# This is mine.. what is your favorite carving tool?



## EPJartisan

I carve small things, but I love detail, so I use many small carving tools, but hand down my favorite tool is this palm chisel, I adjusted into a shape I use for most everything. This is actually the third one, I use them ruthlessly and shape them again and again. I have made several large chisels in the same shape for cleaning logs and some chop carving…. I can also use them on my mini-lathe for roughing or for finer scooping detail at slower speeds.

Only 1/8" wide palm chisel. The top is a polished rounded edge without a bevel, gives me a scoop to take out small controlled gouges. The bottom is flat so I can flatten both flat and curved surfaces. The combo lets me cut fine lines even against the grain and with a push or a pull motion. IT can cut with a scoop to the left or the right… and amazing for undercuts. Sharpening is every 25-30 cuts. I use a piece of Melamine particle board as a sharpener for my smaller carving tools. A few pulls of the curved edge into a leather strop (with Aluminum Oxide powder) and the flat side with 600 grit sandpaper. I use it to carve fine detail, to cleaning up glue, shape dowel holes, clean my pipe, and even used it to get a huge sliver out of my finger. Currently, I am abusing it by carving detail into plaster…
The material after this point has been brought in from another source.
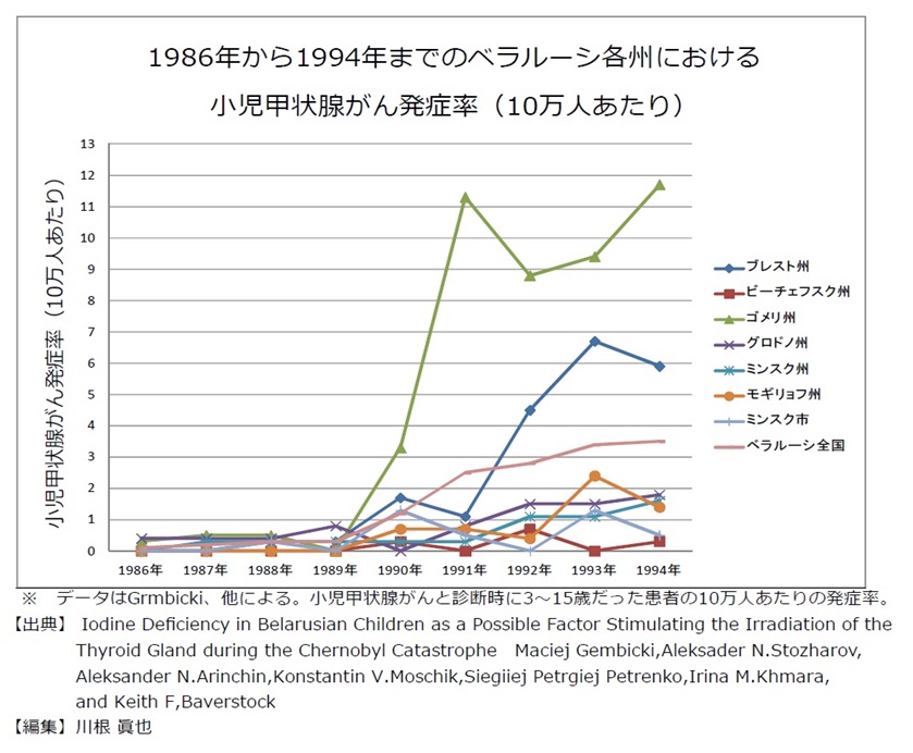 10万人あたりの罹患率にすると、対象者が38万人だから28÷38000×10000=7.3人/10万人あたり・年間。異常な発症率です。チェルノブイリ原発事故でもっとも放射能が降ったと言われるベラルーシの小児甲状腺がんの発症割合に匹敵する患者数です。 人/10万あたり・年間でのグラフが以下です。 ゴメリ州で原発事故5年目の1991年に11人。ブレスト州で原発事故7年目の1993年で7人です。福島県では、この7人の状況が9年間続いていることに匹敵します。

So what is your favorite, tend to use most often, or just love most when you get to use it… 
carving tool, why, and how do you use it?


----------



## Porchfish

I have a favorite carving tool too ! It is always the first one I pick up that is NOT dull or doesn't need honing ! (;-{) )


----------



## SteviePete

Twelve gouge sweep at 4mm. Steve J. On Wisconsin


----------



## Finn

Mastercarver is my favorite


----------



## eugenie

I use a hand held rotary tool and a 5/16" carving bit. I find that it is a fast and efficient way to carve. I use the same method for most of my over 100 woodworking plans. I sell my furniture on etsy, so I have to get the pieces out quickly. Anyway, it works for me.


----------



## Noor

I have some nice old Dastra, Stubai, Two Cherries, Ashley Iles, Pfiel, etc, but one tool, a 100 year old 30mm #3 from Buck, is a sweetheart. Holds an edge forever. Beat up, paint-splattered handle. Was used to open paint cans before I rescued it. I have some newer Buck tools, and they are among my least favorites. Just a lucky find with old #3, I suppose.


----------



## mtenterprises

This is a Crocker graver sharpening tool and it works super for sharpening small V tools and flat chisels. I know it's not really a carving tool but it sure helps getting a consistent edge on my small V tools.
MIKE


----------



## Dal300

Mine:


----------



## irishbob

I like carving small items in the Jack Price style and my favorite carving tool is a plain old carving knife My favorite is a 1 7/8 inch Denny blade with a home made handle. Some say it is a large blade for a 2 inch tall piece but I like it.


----------



## RobsonValley

Probably a 9/15 and my 30 oz lead core mallet to start after the saw-cut rough-out. 
Probably a 5/35 then a 2/30 to see some shapes.
Smaller tools as I go on. Never wanted to carve angels on the heads of pins.


----------



## mungletroll

A simple, Wharncliffe style knife. Made by me about 30 years ago from an old file. Wickedly sharp and keeps an edge all day long even when carving box.


----------



## facecarver

Helvie detail knife !!!!


----------